The second cause of action sounds in contract which allegedly required additional compensation for time worked by plaintiffs in excess of eight hours per day and forty hours per week. It alleges plaintiffs worked in excess of such requirements without either giving the nature and character of their basic work, or such excess work, the date of the contract, or the dates of any period of employment or work by all or any of the plaintiffs.

*743 Motions to dismiss were filed and by stipulation were continued from time to time until after the passage of the Portal-to-Portal Act on May 14, 1947, 29 U.S.C.A. § 251 et seq. Thereafter on May 16, 1947 a new motion to dismiss was filed incorporating the ground of jurisdictional lack, because of the provisions of the Portal-to-Portal Act, and reasserting the attack upon the Second Cause of Action on the ground of lack of diversity and jurisdictional amount.

It is that motion which is now here for decision:

First: That the United States District Court is a court of limited jurisdiction controlled by grants of power through acts of Congress, is a proposition so well recognized that it should need no buttressing of cited cases. That the power to grant jurisdiction to the District Courts includes the power to withdraw jurisdiction is likewise settled, and has been reaffirmed repeatedly by the United States Supreme Court in many cases, among them being Hallowell v. Commons, 239 U.S. 506, 36 S. Ct. 202, 60 L. Ed. 409; Kline et al. v. Burke Construction Co., 260 U.S. 226, 43 S. Ct. 79, 67 L. Ed. 226, 24 A.L.R. 1077; Lockerty et al. v. Phillips, 319 U.S. 182, 63 S. Ct. 1019, 87 L. Ed. 1339.
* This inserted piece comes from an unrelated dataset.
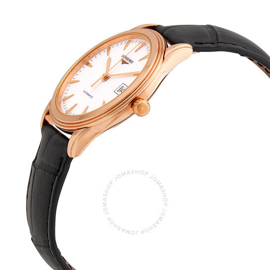 علبة من الذهب الوردي عيار ١٨ قيراطًا مع سوار أسود من جلد التمساح. إطار ثابت من الذهب الوردي عيار ١٨ قيراطًا. ميناء أبيض بعقارب ومؤشرات ساعات بلون الذهب الوردي. مؤشرات دقائق حول الحافة الخارجية. نوع الميناء: تناظري. عرض التاريخ عند موضع الساعة ٣. حركة لونجين أوتوماتيكية من عيار L619، مبنية على ETA 2892-A2، تحتوي على ٢١ جوهرة، تنبض بتردد ٢٨٨٠٠ ذبذبة في الساعة، ولديها احتياطي طاقة يدوم حوالي ٤٢ ساعة. زجاج من الياقوت المقاوم للخدش. تاج قابل للسحب/الدفع. غطاء خلفي شفاف. شكل دائري. حجم العلبة: ٣٥.٥ مم. سمكها: ٨ مم. مشبك تانغ. مقاومة للماء حتى عمق ٣٠ مترًا / ١٠٠ قدم. الوظائف: التاريخ، الساعة، الدقيقة، الثانية. سلسلة فلاجشيب. تصميم ساعة كاجوال. علامة الساعة: صناعة سويسرية. ساعة لونجين فلاجشيب أوتوماتيكية للرجال بمينا أبيض L4.774.8.22.2.

It follows that the provisions of the Portal-to-Portal Act withdrawing jurisdiction of the matters therein specified are Constitutional.

Second: And the allegations of the First Cause of Action show a state of facts specified in the Portal-to-Portal Act as being withdrawn from the jurisdiction of this Court.

Jurisdiction must affirmatively appear from the pleading. If this were not so, and the alternative contended by plaintiffs were the rule, then the courts would have to await the conclusion of all trials before passing on that question, which is the first one present in every case in the Federal Courts. And the courts and litigants would be burdened with excessive and needless litigation, which is one of the matters of paramount public right and interest Congress declared in Section 1 of the Portal-to-Portal Act should be avoided.

If facts exist which give jurisdiction, it takes no trouble to state them. A law suit should not be a game to see how far the rules of simplified pleading permitted by the Federal Rules of Civil Procedure, 28 U.S.C.A. following section 723c, can be stretched.

The motion to dismiss the first cause of action is granted and plaintiff has 30 days to amend, failing which a final judgment of dismissal will be entered.

Inasmuch as plaintiffs must amend, it will be better to await their amendment before passing on the motions to dismiss the second cause of action.